Print this span of the material below exactly: the line with "Test Research, Inc.", the line with "必赢242net官网党总支委", and every line between them, but nothing else.

### Supplied data ###

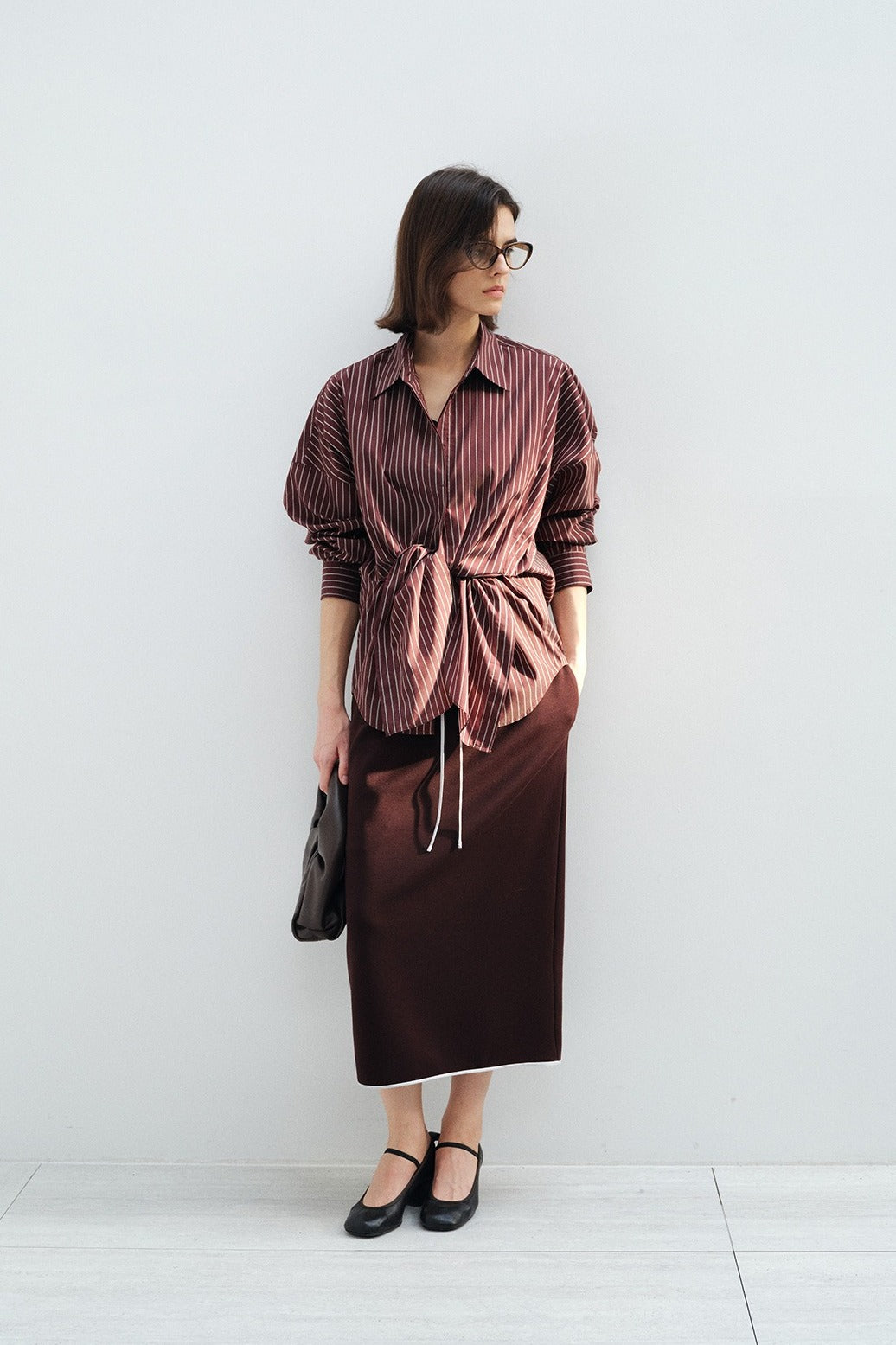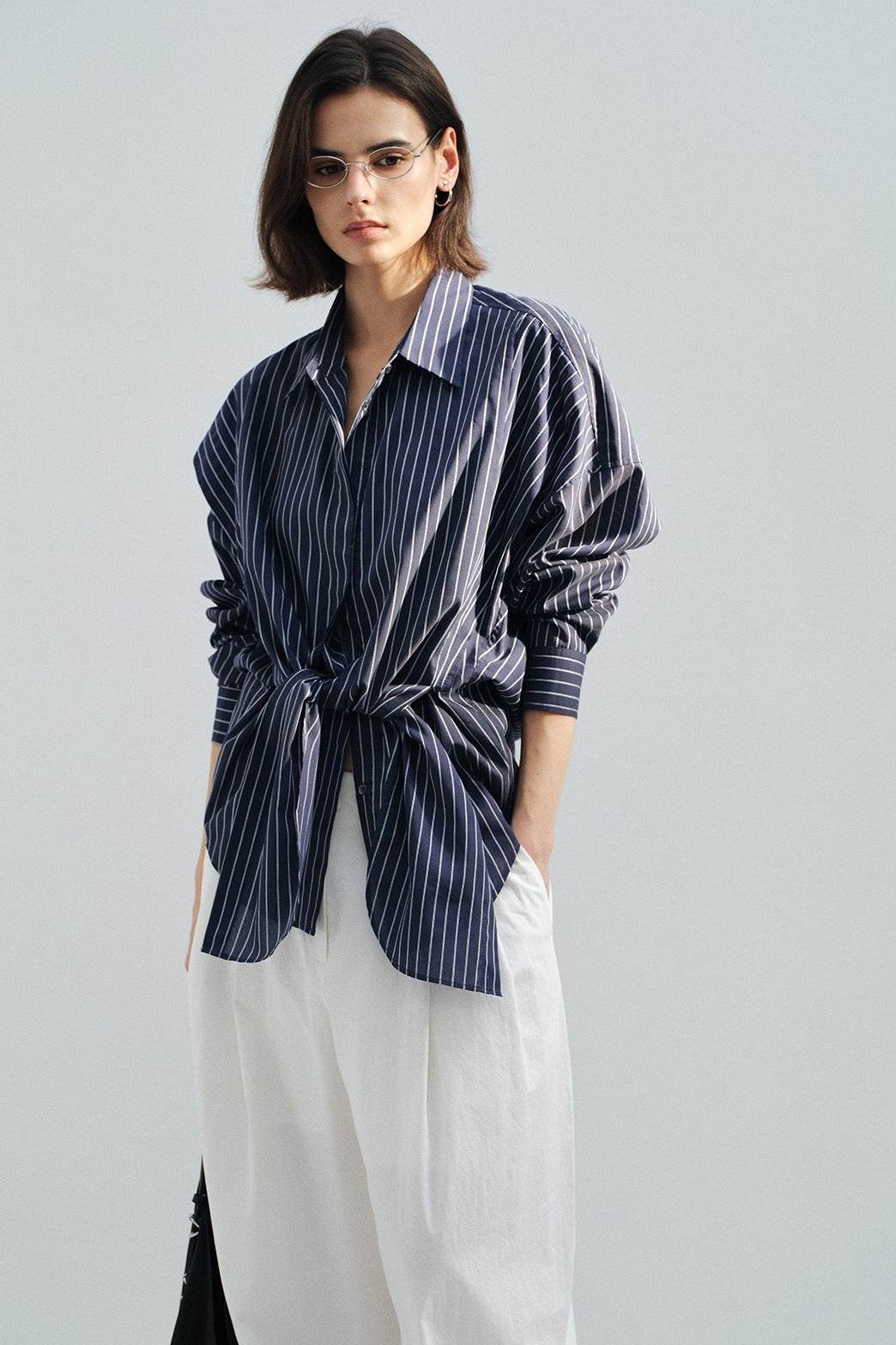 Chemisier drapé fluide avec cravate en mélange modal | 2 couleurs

###
### Supplied data ###

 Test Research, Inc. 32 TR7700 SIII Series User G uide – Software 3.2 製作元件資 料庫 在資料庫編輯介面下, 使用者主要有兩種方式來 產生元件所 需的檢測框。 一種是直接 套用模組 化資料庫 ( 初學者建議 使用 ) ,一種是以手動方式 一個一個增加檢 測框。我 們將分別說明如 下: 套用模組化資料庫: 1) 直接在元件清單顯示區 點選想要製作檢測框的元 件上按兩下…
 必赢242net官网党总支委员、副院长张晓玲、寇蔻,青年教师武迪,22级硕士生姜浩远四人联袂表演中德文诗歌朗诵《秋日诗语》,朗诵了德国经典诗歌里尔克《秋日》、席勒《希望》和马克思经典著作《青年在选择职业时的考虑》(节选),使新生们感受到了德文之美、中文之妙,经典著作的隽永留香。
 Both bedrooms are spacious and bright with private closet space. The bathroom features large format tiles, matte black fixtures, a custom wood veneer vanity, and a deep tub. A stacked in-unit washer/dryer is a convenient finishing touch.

###
### Supplied data ###

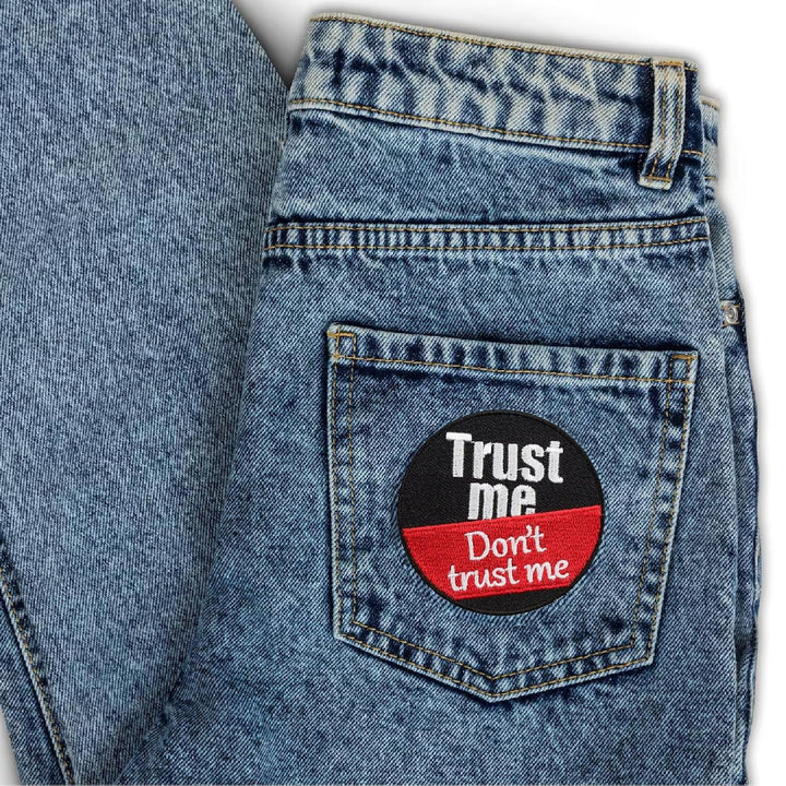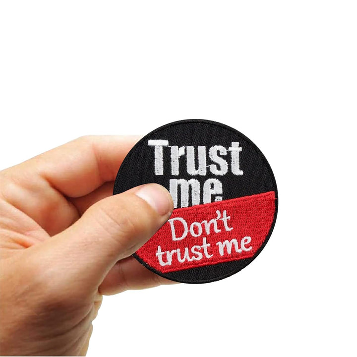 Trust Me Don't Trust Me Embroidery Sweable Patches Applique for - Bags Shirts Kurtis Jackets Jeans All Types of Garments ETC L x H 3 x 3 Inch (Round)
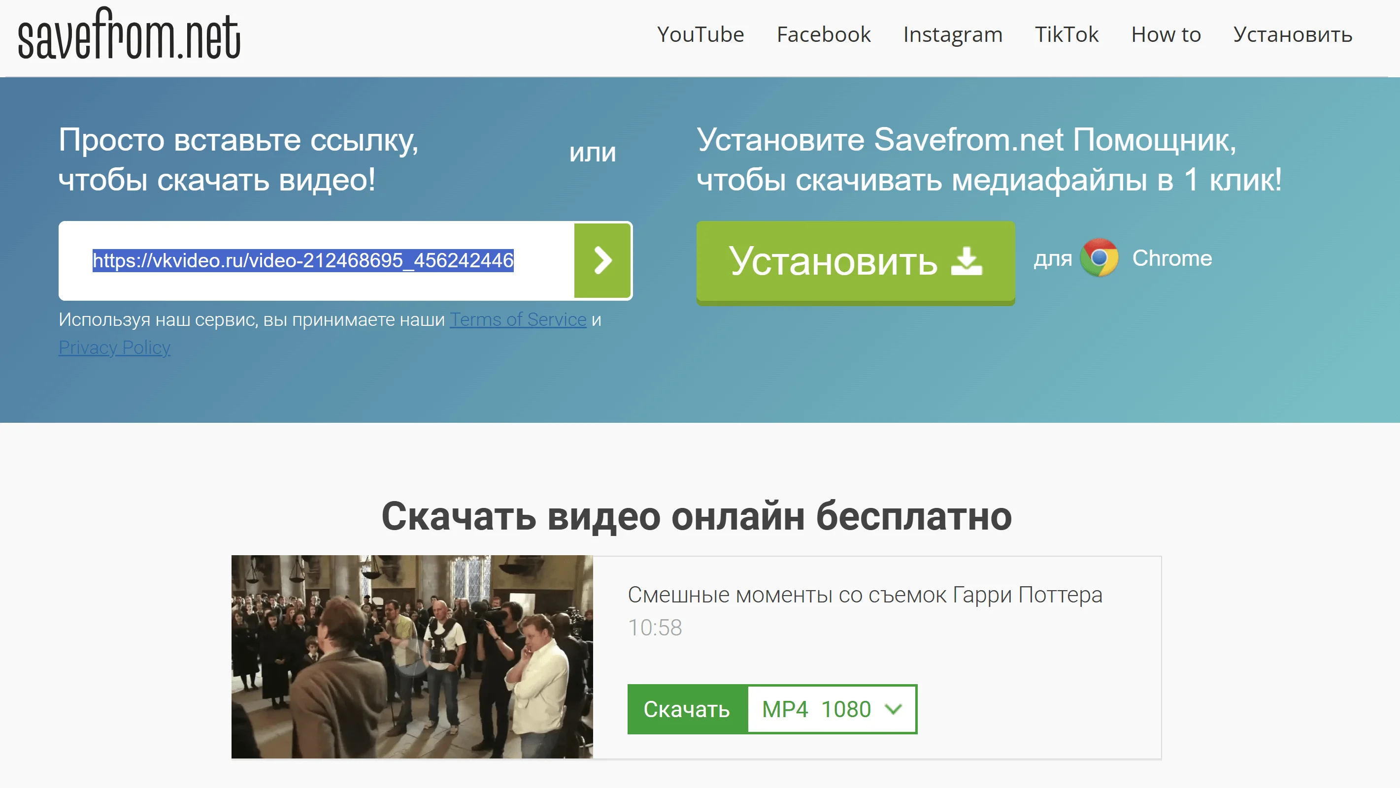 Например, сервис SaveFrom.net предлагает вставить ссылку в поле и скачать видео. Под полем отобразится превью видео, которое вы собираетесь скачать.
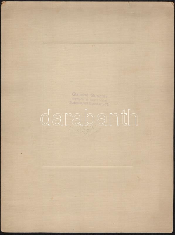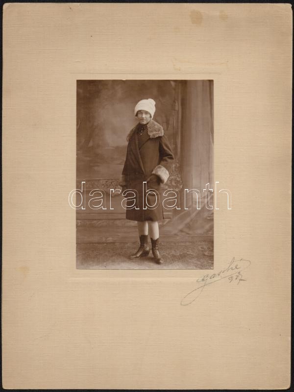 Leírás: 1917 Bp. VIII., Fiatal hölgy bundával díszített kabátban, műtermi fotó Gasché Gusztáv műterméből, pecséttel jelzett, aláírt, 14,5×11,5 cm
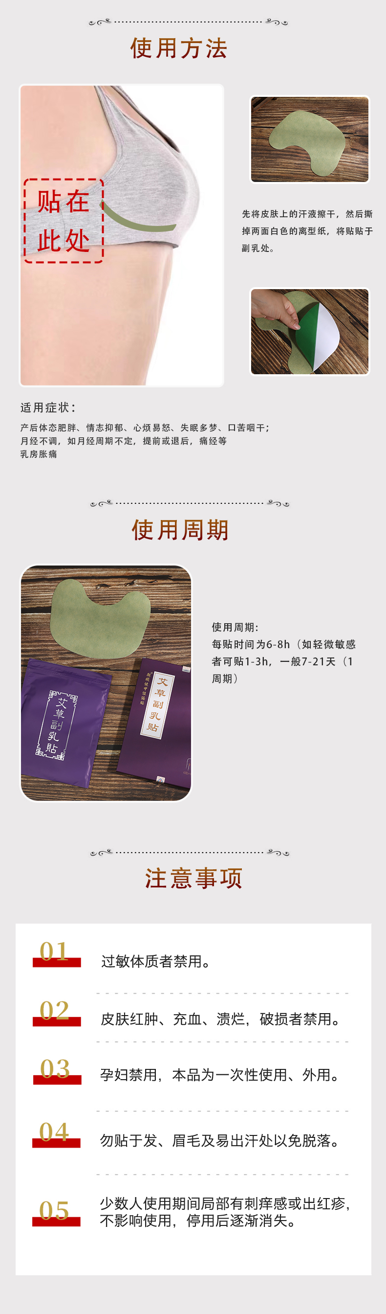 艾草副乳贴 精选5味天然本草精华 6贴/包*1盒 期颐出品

###

▶ [Your response]
 Test Research, Inc. 32 TR7700 SIII Series User G uide – Software 3.2 製作元件資 料庫 在資料庫編輯介面下, 使用者主要有兩種方式來 產生元件所 需的檢測框。 一種是直接 套用模組 化資料庫 ( 初學者建議 使用 ) ,一種是以手動方式 一個一個增加檢 測框。我 們將分別說明如 下: 套用模組化資料庫: 1) 直接在元件清單顯示區 點選想要製作檢測框的元 件上按兩下…
 必赢242net官网党总支委员、副院长张晓玲、寇蔻,青年教师武迪,22级硕士生姜浩远四人联袂表演中德文诗歌朗诵《秋日诗语》,朗诵了德国经典诗歌里尔克《秋日》、席勒《希望》和马克思经典著作《青年在选择职业时的考虑》(节选),使新生们感受到了德文之美、中文之妙,经典著作的隽永留香。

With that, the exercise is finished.